# SUPPLIED DATA
----
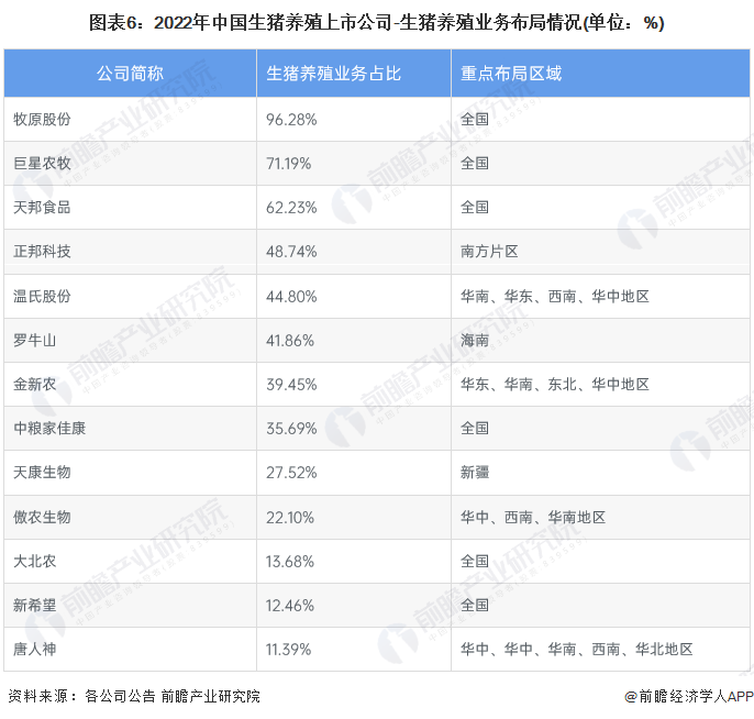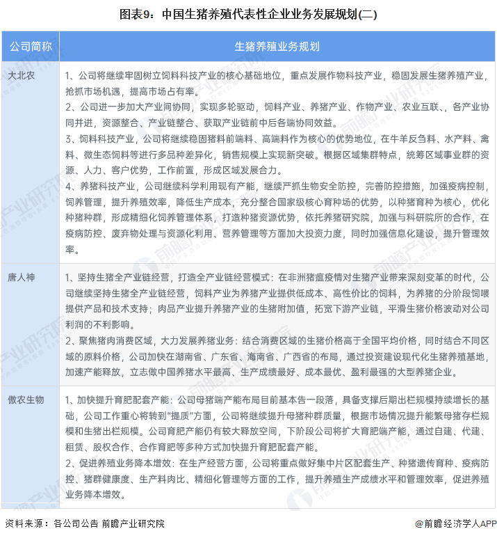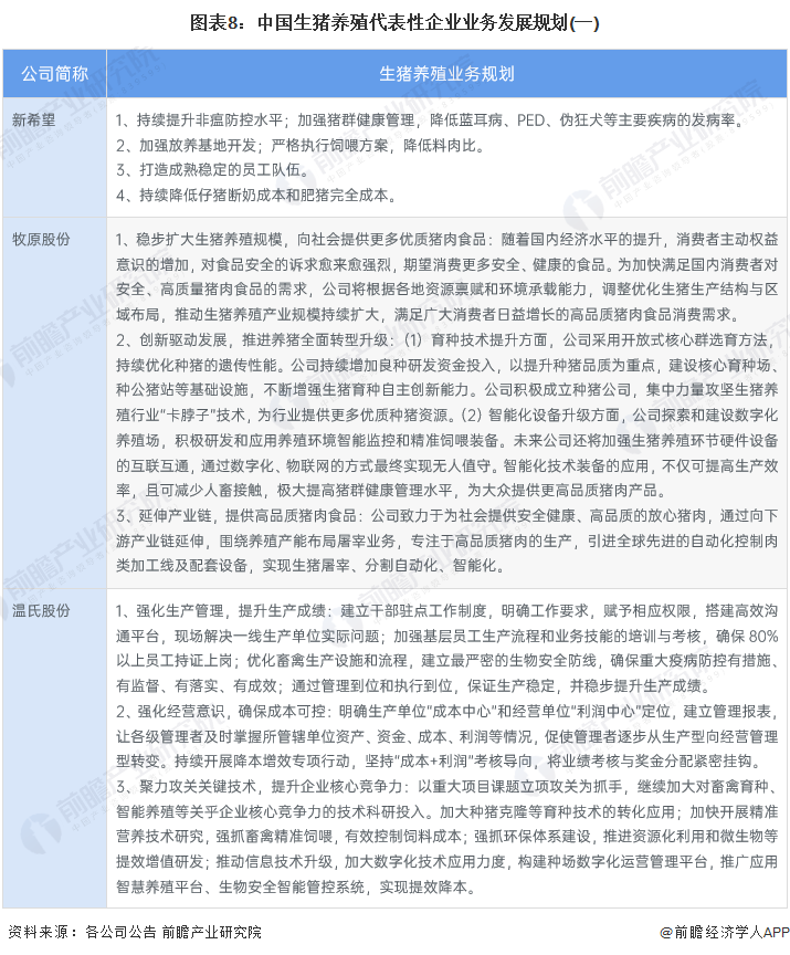 生猪养殖行业上市公司生猪养殖业务规划对比
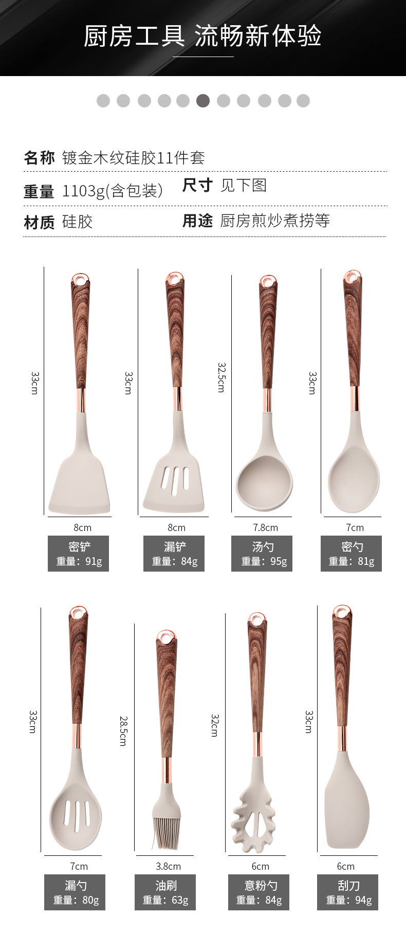 | Tamaño | Pala densa con mango de grano de madera cubierta 33*8CM,Pala de fuga con vetas de madera cubierta 33*8CM,Cuchara de sopa 32.5*7.8CM,Cuchara densa 33*7CM,Colador 33*7CM,Cepillo de aceite 28.5*3.8CM,Cuchara de pasta 32*6CM,Raspador 33*6CM,Ralla 33,5*8,5 CM,Raspador 33*6.8CM,Cubo de almacenamiento 16*13CM,Utensilios de cocina de grano de madera chapado en oro de silicona 11 piezas caja de barril 980g,Utensilios de cocina de grano de madera chapado en oro de silicona de 11 piezas de cubo de diamante en caja 1103g |
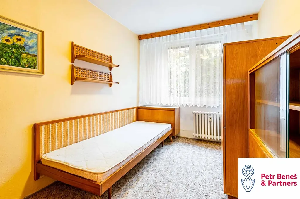 Dva pokoje – ideální jako ložnice a dětský pokoj či pracovna – mají nádherný výhled do zeleně a vilové zástavby. Ráno tu začíná v atmosféře ticha a klidu. Hlavní pokoj s prostorným balkonem naopak směřuje do ulice, což dodává praktický přehled a výhled třeba na vaše zaparkované auto.
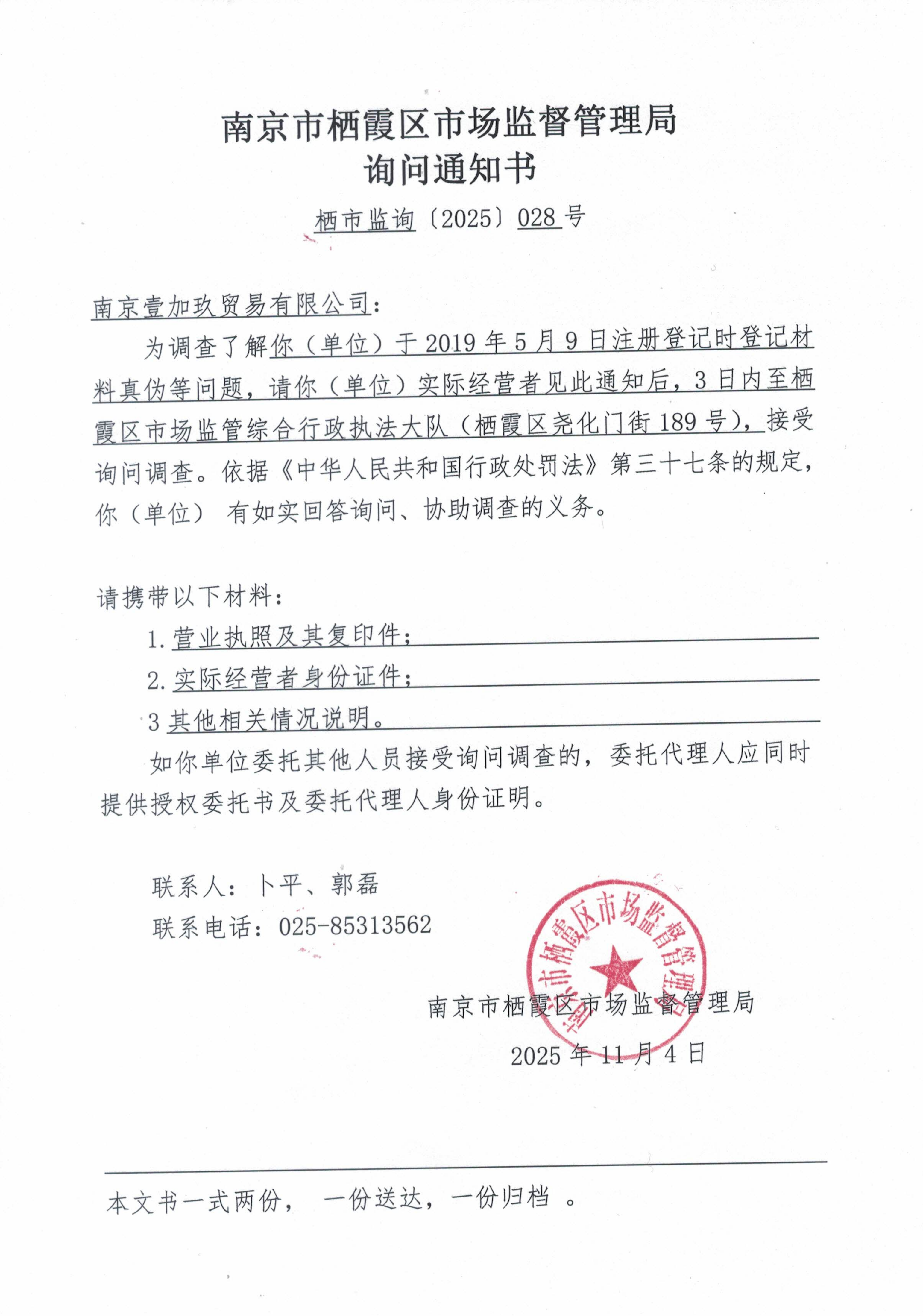 南京市棲霞區(qū)市場監(jiān)督管理局詢問通知書(南京壹加玖貿(mào)易有限公司)
----
# WHAT YOU ARE ASKED TO DO
What the answer needs is every line from the one with "caja 1103g |" through the last line of the data, reproduced word for word and with pictures omitted.

# RESULT OF THE EXERCISE
 | Tamaño | Pala densa con mango de grano de madera cubierta 33*8CM,Pala de fuga con vetas de madera cubierta 33*8CM,Cuchara de sopa 32.5*7.8CM,Cuchara densa 33*7CM,Colador 33*7CM,Cepillo de aceite 28.5*3.8CM,Cuchara de pasta 32*6CM,Raspador 33*6CM,Ralla 33,5*8,5 CM,Raspador 33*6.8CM,Cubo de almacenamiento 16*13CM,Utensilios de cocina de grano de madera chapado en oro de silicona 11 piezas caja de barril 980g,Utensilios de cocina de grano de madera chapado en oro de silicona de 11 piezas de cubo de diamante en caja 1103g |
 Dva pokoje – ideální jako ložnice a dětský pokoj či pracovna – mají nádherný výhled do zeleně a vilové zástavby. Ráno tu začíná v atmosféře ticha a klidu. Hlavní pokoj s prostorným balkonem naopak směřuje do ulice, což dodává praktický přehled a výhled třeba na vaše zaparkované auto.
 南京市棲霞區(qū)市場監(jiān)督管理局詢問通知書(南京壹加玖貿(mào)易有限公司)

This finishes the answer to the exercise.